Here is the task for the records below: repeat exactly the lines from the one with "バスルームの空間に幾何学的な" to the one with "Mini Makeup Brush", both included, and nothing else.

(Records from a dataset)
::::::
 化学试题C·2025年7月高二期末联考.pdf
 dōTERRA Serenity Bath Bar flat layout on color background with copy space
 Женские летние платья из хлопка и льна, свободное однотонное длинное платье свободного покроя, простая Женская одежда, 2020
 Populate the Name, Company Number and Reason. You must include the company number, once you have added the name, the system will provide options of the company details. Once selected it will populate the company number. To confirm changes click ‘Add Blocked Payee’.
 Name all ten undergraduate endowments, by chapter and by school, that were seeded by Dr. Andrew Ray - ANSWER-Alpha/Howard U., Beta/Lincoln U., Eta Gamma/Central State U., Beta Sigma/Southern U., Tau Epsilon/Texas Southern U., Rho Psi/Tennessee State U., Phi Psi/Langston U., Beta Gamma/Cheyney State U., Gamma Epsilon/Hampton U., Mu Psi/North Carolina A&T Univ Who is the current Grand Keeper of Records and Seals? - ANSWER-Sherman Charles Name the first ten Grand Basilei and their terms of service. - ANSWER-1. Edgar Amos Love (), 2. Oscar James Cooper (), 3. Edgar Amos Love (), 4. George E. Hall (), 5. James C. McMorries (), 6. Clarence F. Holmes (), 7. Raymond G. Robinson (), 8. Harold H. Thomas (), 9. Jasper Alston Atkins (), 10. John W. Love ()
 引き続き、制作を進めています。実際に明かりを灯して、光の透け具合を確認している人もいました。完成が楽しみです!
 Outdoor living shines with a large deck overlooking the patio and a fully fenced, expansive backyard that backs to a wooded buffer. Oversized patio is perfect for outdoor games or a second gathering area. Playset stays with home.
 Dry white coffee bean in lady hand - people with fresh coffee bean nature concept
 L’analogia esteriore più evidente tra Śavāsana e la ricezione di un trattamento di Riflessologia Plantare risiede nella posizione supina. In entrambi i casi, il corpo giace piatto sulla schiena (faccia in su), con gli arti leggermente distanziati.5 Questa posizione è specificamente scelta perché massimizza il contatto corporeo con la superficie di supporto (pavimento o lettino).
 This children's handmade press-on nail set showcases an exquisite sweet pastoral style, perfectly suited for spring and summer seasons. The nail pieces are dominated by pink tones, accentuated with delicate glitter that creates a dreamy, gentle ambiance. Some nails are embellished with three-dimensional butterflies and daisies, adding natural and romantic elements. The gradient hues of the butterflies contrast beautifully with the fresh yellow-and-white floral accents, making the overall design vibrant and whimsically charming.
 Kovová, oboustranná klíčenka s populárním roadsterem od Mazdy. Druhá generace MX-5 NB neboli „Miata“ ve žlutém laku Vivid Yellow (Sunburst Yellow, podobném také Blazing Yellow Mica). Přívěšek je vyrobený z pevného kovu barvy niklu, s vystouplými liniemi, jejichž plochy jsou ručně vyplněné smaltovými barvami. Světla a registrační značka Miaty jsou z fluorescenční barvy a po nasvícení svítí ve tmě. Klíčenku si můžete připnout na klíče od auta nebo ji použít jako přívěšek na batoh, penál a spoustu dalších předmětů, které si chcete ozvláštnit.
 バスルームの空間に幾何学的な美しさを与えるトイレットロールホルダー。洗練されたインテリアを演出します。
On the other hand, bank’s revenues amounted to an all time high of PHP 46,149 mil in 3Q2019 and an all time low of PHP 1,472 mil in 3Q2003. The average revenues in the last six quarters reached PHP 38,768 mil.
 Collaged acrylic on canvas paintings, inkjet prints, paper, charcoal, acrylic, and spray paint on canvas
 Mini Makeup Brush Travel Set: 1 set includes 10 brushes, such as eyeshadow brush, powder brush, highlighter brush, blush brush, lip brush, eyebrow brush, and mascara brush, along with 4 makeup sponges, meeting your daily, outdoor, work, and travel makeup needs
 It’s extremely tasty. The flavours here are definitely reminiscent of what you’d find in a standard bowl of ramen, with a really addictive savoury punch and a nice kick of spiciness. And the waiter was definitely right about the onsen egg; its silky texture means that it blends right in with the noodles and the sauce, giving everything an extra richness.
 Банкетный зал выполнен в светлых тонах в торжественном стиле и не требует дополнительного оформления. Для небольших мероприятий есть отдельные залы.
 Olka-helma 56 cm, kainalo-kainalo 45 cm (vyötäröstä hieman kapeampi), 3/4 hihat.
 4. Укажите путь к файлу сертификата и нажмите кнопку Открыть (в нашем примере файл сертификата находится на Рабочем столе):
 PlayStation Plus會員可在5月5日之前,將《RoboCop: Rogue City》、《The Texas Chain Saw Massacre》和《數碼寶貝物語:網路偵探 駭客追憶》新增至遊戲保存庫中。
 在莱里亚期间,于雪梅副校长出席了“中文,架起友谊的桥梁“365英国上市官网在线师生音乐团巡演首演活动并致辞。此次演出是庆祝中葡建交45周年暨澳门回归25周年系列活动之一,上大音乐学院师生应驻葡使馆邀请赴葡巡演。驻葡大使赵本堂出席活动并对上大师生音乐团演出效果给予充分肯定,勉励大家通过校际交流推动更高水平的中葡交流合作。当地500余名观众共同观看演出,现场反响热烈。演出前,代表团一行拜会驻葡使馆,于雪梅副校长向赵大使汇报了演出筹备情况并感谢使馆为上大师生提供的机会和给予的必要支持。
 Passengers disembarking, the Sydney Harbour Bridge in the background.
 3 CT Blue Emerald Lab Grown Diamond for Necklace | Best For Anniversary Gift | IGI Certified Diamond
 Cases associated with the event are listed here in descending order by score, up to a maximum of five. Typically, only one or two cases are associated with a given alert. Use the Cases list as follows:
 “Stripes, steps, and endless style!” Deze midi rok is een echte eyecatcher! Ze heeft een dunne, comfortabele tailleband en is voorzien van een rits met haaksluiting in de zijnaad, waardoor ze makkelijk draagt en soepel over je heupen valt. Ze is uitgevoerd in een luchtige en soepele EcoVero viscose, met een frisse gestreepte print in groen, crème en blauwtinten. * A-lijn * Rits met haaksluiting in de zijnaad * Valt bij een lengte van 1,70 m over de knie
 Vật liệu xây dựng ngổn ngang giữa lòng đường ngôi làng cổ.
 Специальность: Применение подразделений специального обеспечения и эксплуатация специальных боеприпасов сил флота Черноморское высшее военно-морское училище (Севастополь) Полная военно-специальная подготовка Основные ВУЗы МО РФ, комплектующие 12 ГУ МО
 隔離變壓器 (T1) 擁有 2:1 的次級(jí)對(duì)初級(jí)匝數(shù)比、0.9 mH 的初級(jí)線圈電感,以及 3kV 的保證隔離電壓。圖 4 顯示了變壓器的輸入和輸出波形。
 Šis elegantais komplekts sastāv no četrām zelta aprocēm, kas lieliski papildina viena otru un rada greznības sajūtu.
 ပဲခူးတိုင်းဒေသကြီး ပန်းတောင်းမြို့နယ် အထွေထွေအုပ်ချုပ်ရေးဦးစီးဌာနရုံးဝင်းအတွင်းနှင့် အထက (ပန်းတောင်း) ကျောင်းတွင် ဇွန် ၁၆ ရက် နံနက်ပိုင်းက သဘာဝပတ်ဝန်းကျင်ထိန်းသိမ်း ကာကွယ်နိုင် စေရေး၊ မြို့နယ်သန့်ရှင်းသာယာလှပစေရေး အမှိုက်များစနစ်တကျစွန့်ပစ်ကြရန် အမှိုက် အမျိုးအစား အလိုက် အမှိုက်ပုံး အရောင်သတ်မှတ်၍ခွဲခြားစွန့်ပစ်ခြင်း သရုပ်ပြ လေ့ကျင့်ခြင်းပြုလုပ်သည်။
::::::
• Reply
 バスルームの空間に幾何学的な美しさを与えるトイレットロールホルダー。洗練されたインテリアを演出します。
On the other hand, bank’s revenues amounted to an all time high of PHP 46,149 mil in 3Q2019 and an all time low of PHP 1,472 mil in 3Q2003. The average revenues in the last six quarters reached PHP 38,768 mil.
 Collaged acrylic on canvas paintings, inkjet prints, paper, charcoal, acrylic, and spray paint on canvas
 Mini Makeup Brush Travel Set: 1 set includes 10 brushes, such as eyeshadow brush, powder brush, highlighter brush, blush brush, lip brush, eyebrow brush, and mascara brush, along with 4 makeup sponges, meeting your daily, outdoor, work, and travel makeup needs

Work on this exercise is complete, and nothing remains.